Истали буквально ежедневно меня атаковывать, работать не дают.

Тут я а решил пожаловаться Горькому. Ведь наш ЖАКТ был его имени. Отправил ему письмо в Италию, на Капри. А между тем управдом не дремал. Всунул-таки мне жильцов. И началась моя жизнь в коммунальной квартире.

Проходит какое-то время.

И вдруг из Италии пришло письмо Горького в ЖАКТ, в котором он сообщал, что ему приятно было узнать о присвоении ЖАКТу его имени. Он обещал по приезде в Ленинград непременно посетить ЖАКТ, прийти в красный уголок, попить чайку. И далее, понимаешь ли, он пишет: у вас в доме живет замечательный писатель Михаил Михайлович Зощенко. Так я очень вас прошу не притесняйте его и все такое…

Зощенко сделал паузу:

— Ты даже представить себе не можешь, что после всего этого тут началось! Управдом с письмом Горького прибежал и, трепеща, извинился за доставленные хлопоты, за неприятности. На жильцов топал ногами и немедленно требовал уматывать из квартиры. И никакие они ему не родственники, как оказалось. Весь дом в полном смятении. И полы моют, и парадное проветривают. Даже заседание ЖАКТа назначается.

И уже под конец Зощенко улыбнулся:

— Может, на заседании обсуждали вопрос, не присвоить ли ЖАКТу имя Зощенко вместо Горького… Но этого я не знаю!..

235

Венеамин Александрович Каверин вспомнил смешной эпизод, происшедший на заседании «Серапионовых братьев».

Обсуждали стихи Елизаветы Григорьевны Полонской, именуемой в братстве Елисабет Воробей.

И вот в стихотворении, которое она читала, прозвучала строка:

Мне пресно сладкое, я горького хочу…

Николай Семенович Тихонов тут же заметил:

— Я бы, Лиза, на вашем месте эту мысль изложил так: «Мне пресно сладкое, я горечи хочу». А то Алексей Максимович может принять сказанное вами на свой счет… Хотя, без сомнения, будет польщен.

236

На восьмом съезде писателей выступал Евгений Александрович Евтушенко.
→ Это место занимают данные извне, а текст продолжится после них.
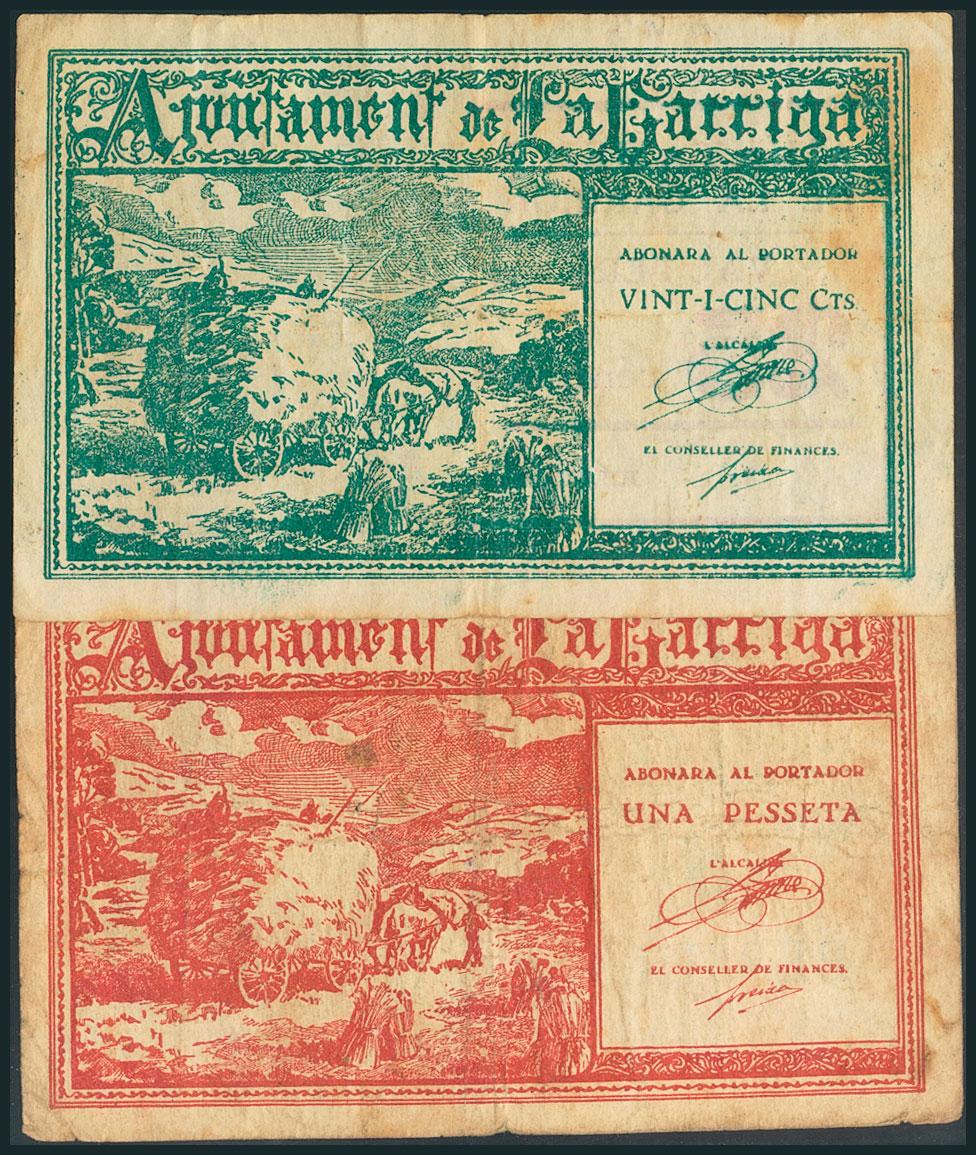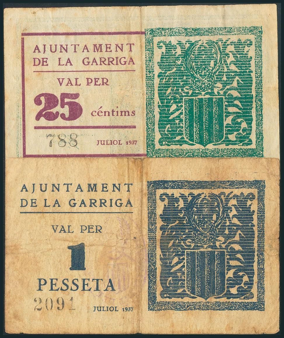 LA GARRIGA (BARCELONA). 25 Céntimos y 1 Peseta. Julio 1937. (González: 7986, 7988). BC.
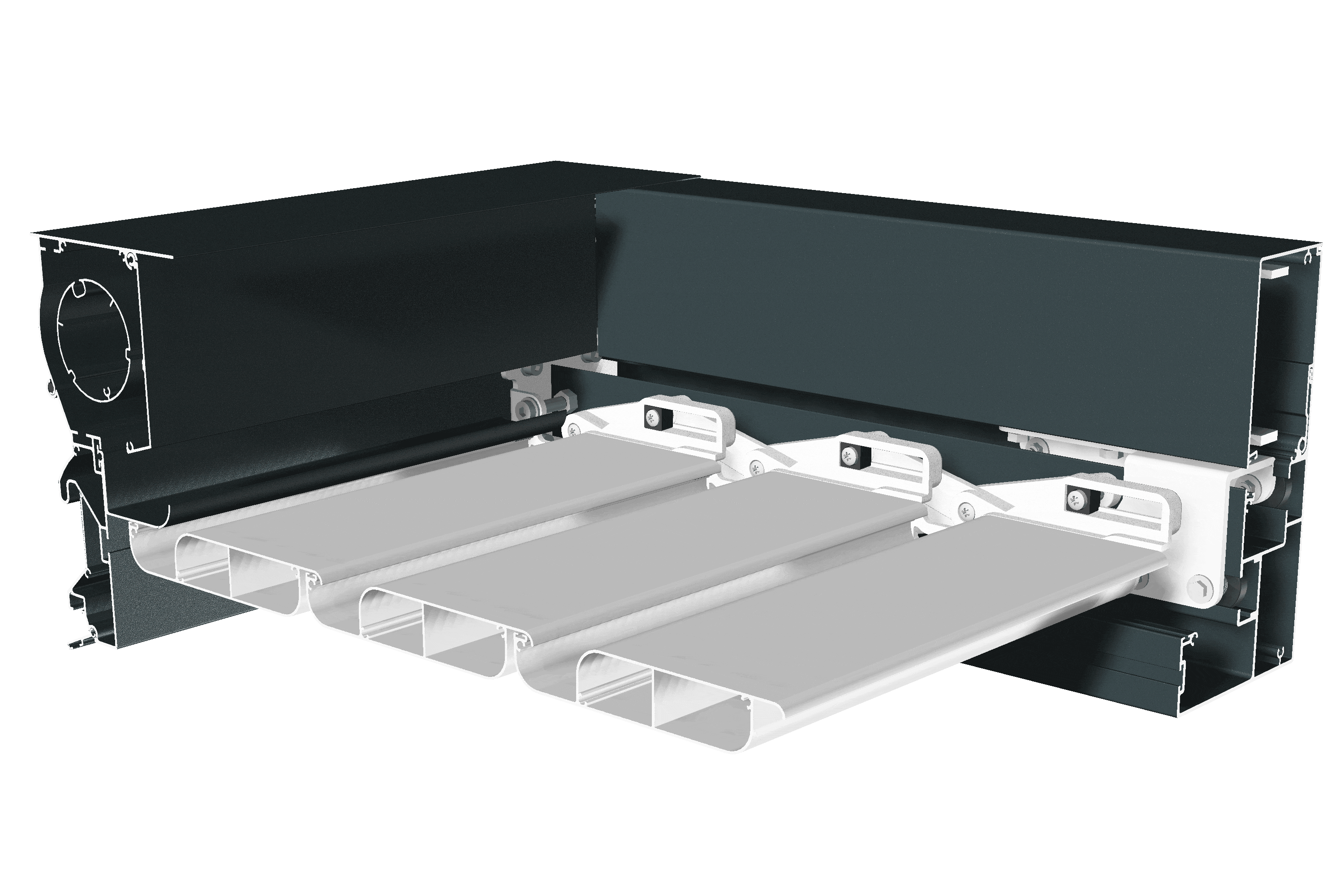 Grâce à des glissières intégrées dans chaque bouchon de lame, l’orientation commence dès le début de l’ouverture, jusqu’à 45° sur le premier quart de l’avancée. Par exemple, pour une pergola de 4 mètres, les lames peuvent couvrir 75% de la surface tout en laissant passer 50% de la lumière, selon l'angle choisi. Et une fois totalement ouvertes, elles se replient de manière compacte, occupant seulement un quart de l’espace disponible, pour un ensoleillement maximal.
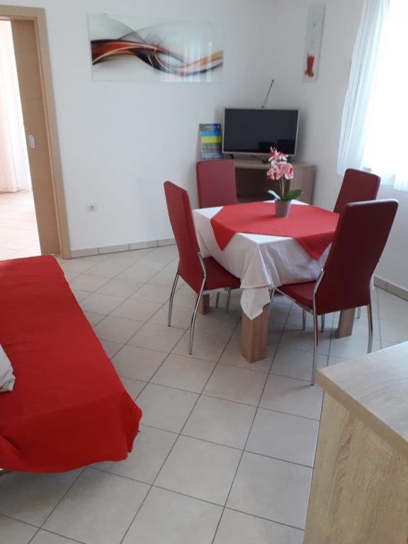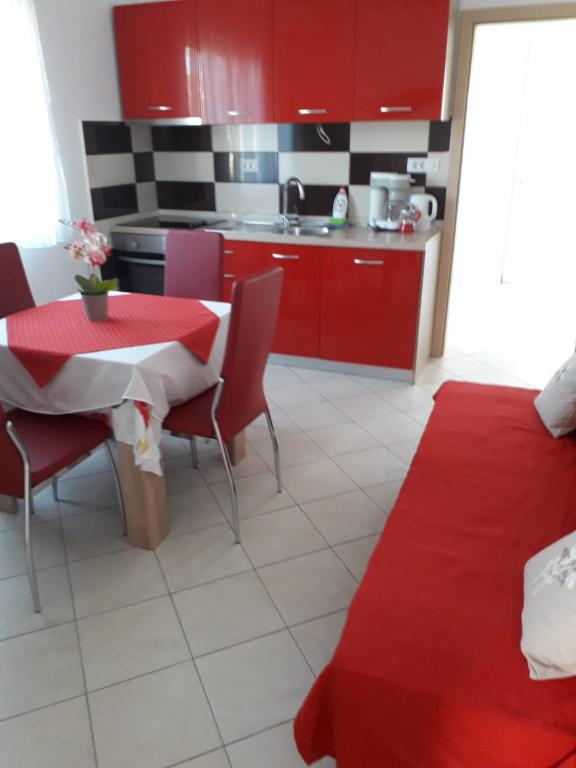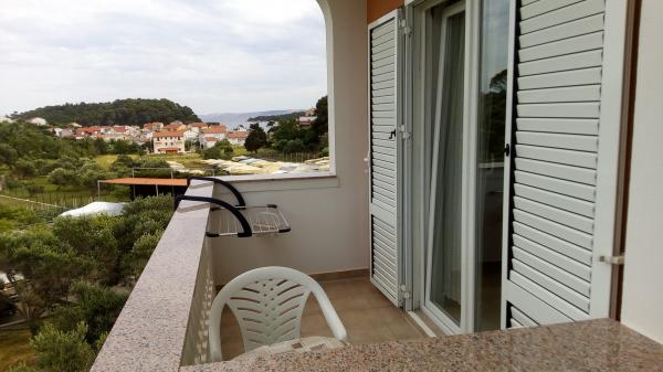We stayed in a ground floor apartment with one bedroom, the apartment is neat, the terrace is shaded all day with a view of the olive grove. A pleasant apartment, we didn't need air conditioning. The hosts were friendly and approachable, we were welcomed with a homemade Rab cake and since I love figs, my aunt picked them for me. I recommend
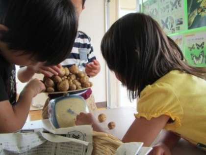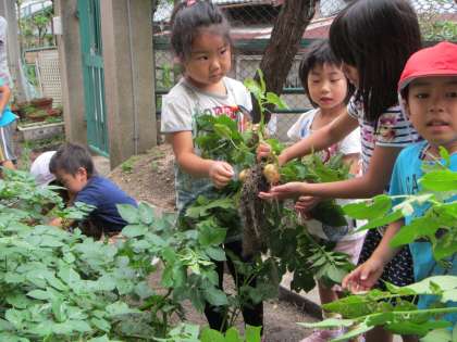 幼稚園の畑のじゃがいもが,収穫時期になりました。
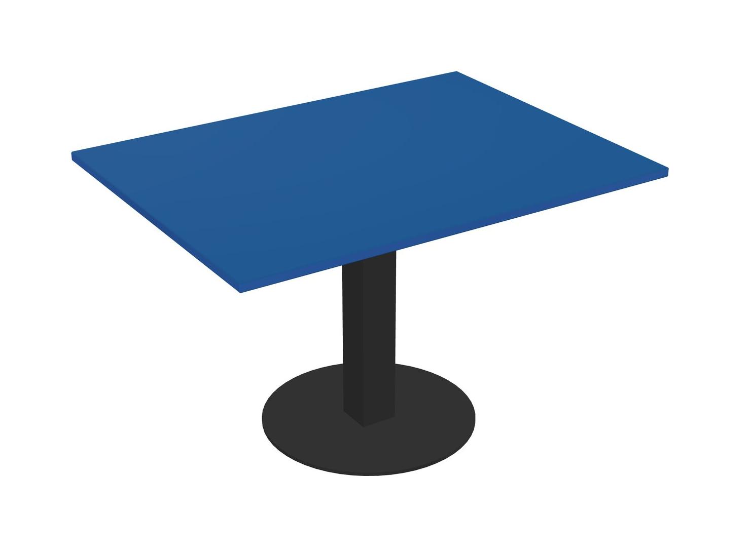 Modular Office, Restaurant, Cafeteria, Lunch Room & Food Service Table With Prism Blue Tabletop & Black Square Leg & Black Round Base Plate

Как всегда в экзальтированной, даже истеричной манере, сопровождаемой всякий раз конвульсивными жестами. Он вещал залу, как из переделкинского дома Пастернака пьяные рабочие вышвырнули рояль поэта, он хряснул и раскололся.

Потом он категорически потребовал создать в доме Пастернака музей поэта.

Сидевший рядом со мной поэт из Архангельска Николай Журавлев спокойно произнес:

— Съезд должен принять резолюцию о создании в Переделкино музея Пастернака имени Евгения Евтушенко…

237

Во время редакционных совещаний в издательстве «Всемирной литературы при Коммиссариате Народного Просвещения», созданного Горьким и чаще всего проходивших под его председательством, Алексей Максимович поражал всех своими сведениями о мировой литературе. В своих выступлениях он называл имена второстепенных писателей, о которых не слышали даже профессора. Они, как не выучившие урока школьники, опускали глаза, а Горький им говорил:

— У этого автора есть такие-то и такие-то вещи… Эта вещь слабоватая, а эта — превосходная, ее-то и следует издать…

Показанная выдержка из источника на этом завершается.